Items listed in a dataset:

============

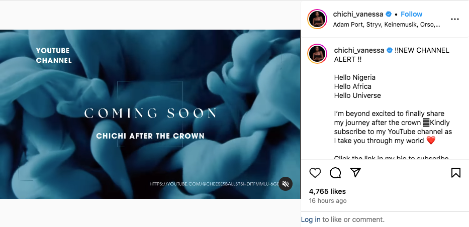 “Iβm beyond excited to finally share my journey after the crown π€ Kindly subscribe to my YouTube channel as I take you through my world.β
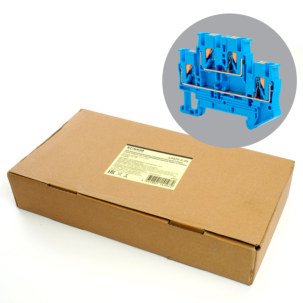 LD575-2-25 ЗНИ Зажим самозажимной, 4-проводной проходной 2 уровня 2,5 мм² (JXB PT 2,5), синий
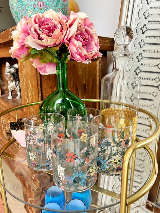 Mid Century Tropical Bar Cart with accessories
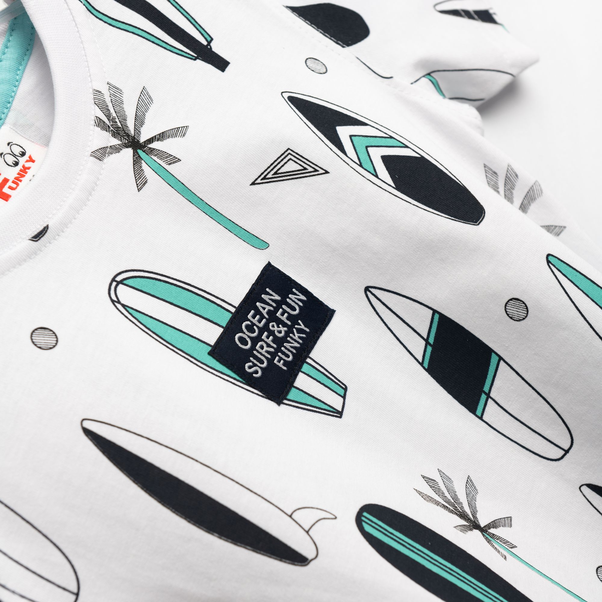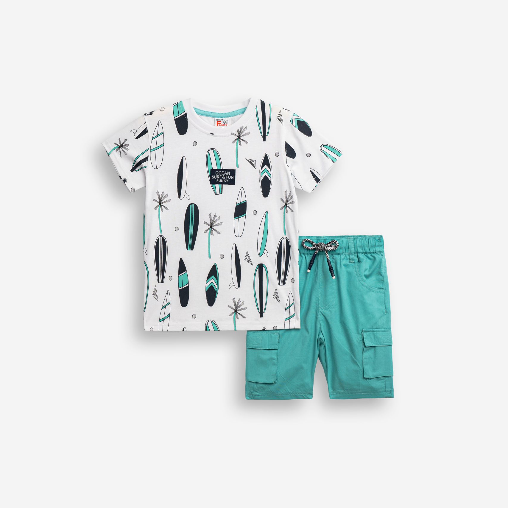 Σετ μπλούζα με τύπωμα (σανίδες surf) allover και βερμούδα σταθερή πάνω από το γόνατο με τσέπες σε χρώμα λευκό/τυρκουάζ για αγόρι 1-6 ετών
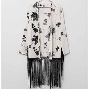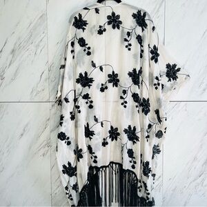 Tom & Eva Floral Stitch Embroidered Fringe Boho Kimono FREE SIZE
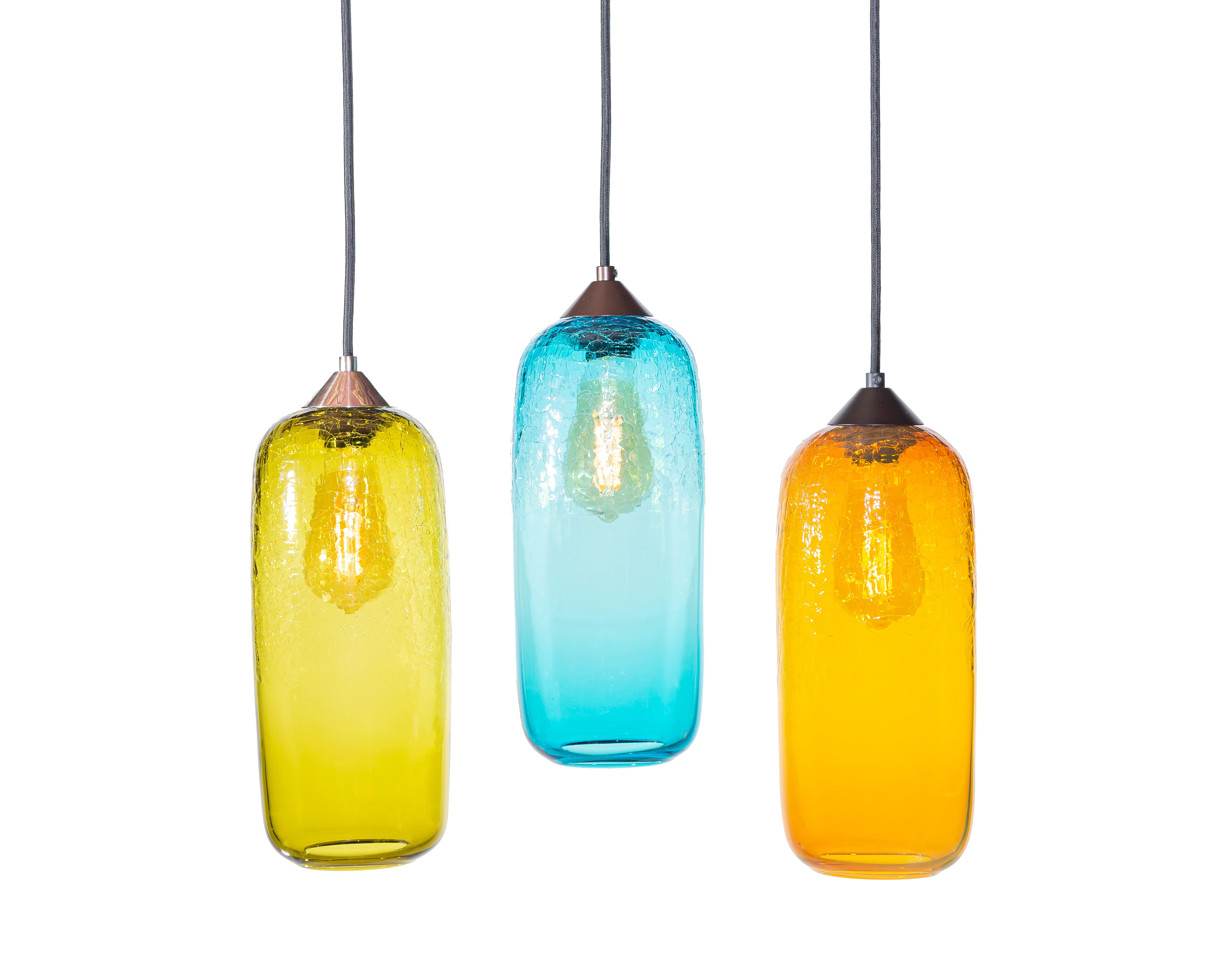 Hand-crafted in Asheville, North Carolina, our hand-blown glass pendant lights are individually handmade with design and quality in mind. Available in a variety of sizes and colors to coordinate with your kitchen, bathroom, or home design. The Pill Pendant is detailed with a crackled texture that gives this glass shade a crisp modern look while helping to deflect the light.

============

[DESCRIPTION OF THE TASK] All of the records above are to be written out exactly, minus their images.

[WRITTEN REPLY]
 “Iβm beyond excited to finally share my journey after the crown π€ Kindly subscribe to my YouTube channel as I take you through my world.β
 LD575-2-25 ЗНИ Зажим самозажимной, 4-проводной проходной 2 уровня 2,5 мм² (JXB PT 2,5), синий
 Mid Century Tropical Bar Cart with accessories
 Σετ μπλούζα με τύπωμα (σανίδες surf) allover και βερμούδα σταθερή πάνω από το γόνατο με τσέπες σε χρώμα λευκό/τυρκουάζ για αγόρι 1-6 ετών
 Tom & Eva Floral Stitch Embroidered Fringe Boho Kimono FREE SIZE
 Hand-crafted in Asheville, North Carolina, our hand-blown glass pendant lights are individually handmade with design and quality in mind. Available in a variety of sizes and colors to coordinate with your kitchen, bathroom, or home design. The Pill Pendant is detailed with a crackled texture that gives this glass shade a crisp modern look while helping to deflect the light.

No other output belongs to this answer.